Definitional relation to Clebsch–Gordan coefficients

The CG coefficients are defined so as to express the addition of two angular momenta in terms of a third:

|j_{3}\,m_{3}\rangle =\sum _{m_{1}=-j_{1}}^{j_{1}}\sum _{m_{2}=-j_{2}}^{j_{2}}\langle j_{1}\,m_{1}\,j_{2}\,m_{2}|j_{3}\,m_{3}\rangle |j_{1}\,m_{1}\,j_{2}\,m_{2}\rangle .

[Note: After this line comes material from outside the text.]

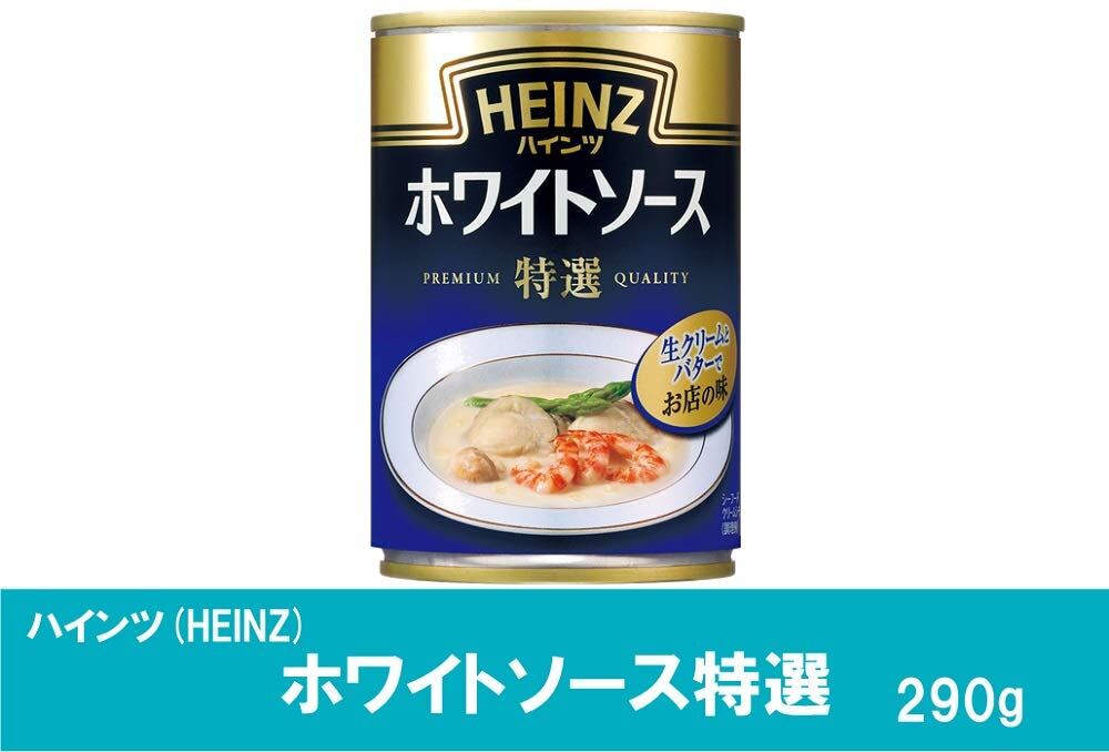 ハインツ (HEINZ) ホワイトソース特選 290g×4缶 【ホテル・レストランの本格派】。 商品紹介 商品紹介 ハインツの業務用ホワイトソースは1974年の発売以来、ホテルやレストランの洋食で親しまれてきました。 特選はそんなお店の味わいがご家庭で楽しめる本格派のソースです。 生クリームとバターを贅沢に使用し、白ワインで仕上げた上質なソースが素材のおいしさを引き立てます。 栄養成分100gあたり:水分 79.4g、たんぱく質 1.5g、脂質 9.3g、炭水化物 8.7g、灰分 1.1g、ナトリウム 310mg、食塩相当量 0.8g 原材料・成分 生クリーム、小麦粉、脱脂粉乳、とうもろこし油、ショートニング、バター、野菜(たまねぎ、セロリ)、白ワイン、食塩、チキン風味ブイヨン、砂糖、たん白加水分解物、香辛料、酵母エキス/増粘剤(加工デンプン)、調味料(アミノ酸等)、(一部に小麦・乳成分・大豆・鶏肉を含む) 原材料・成分 生クリーム、小麦粉、脱脂粉乳、とうもろこし油、ショートニング、バター、野菜(たまねぎ、セロリ)、白ワイン、食塩、チキン風味ブイヨン、砂糖、たん白加水分解物、香辛料、酵母エキス/増粘剤(加工デンプン)、調味料(アミノ酸等)、(一部に小麦・乳成分・大豆・鶏肉を含む) 安全警告 缶のふちで手を切らないようにご注意ください。 内容量:290g×4缶。 カロリー:125kcal(100gあたり)。 商品サイズ(高さ×奥行×幅):202mm×67mm×134mm。 缶詰ソースで簡単にお店の味。 S000-K9999

The 3-j symbols, on the other hand, are the coefficients with which three angular momenta must be added so that the resultant is zero:

\sum _{m_{1}=-j_{1}}^{j_{1}}\sum _{m_{2}=-j_{2}}^{j_{2}}\sum _{m_{3}=-j_{3}}^{j_{3}}|j_{1}m_{1}\rangle |j_{2}m_{2}\rangle |j_{3}m_{3}\rangle {\begin{pmatrix}j_{1}&j_{2}&j_{3}\\m_{1}&m_{2}&m_{3}\end{pmatrix}}=|0\,0\rangle .

Here $|0\,0\rangle$ is the zero-angular-momentum state ( $j=m=0$ ). It is apparent that the 3-j symbol treats all three angular momenta involved in the addition problem on an equal footing and is therefore more symmetrical than the CG coefficient.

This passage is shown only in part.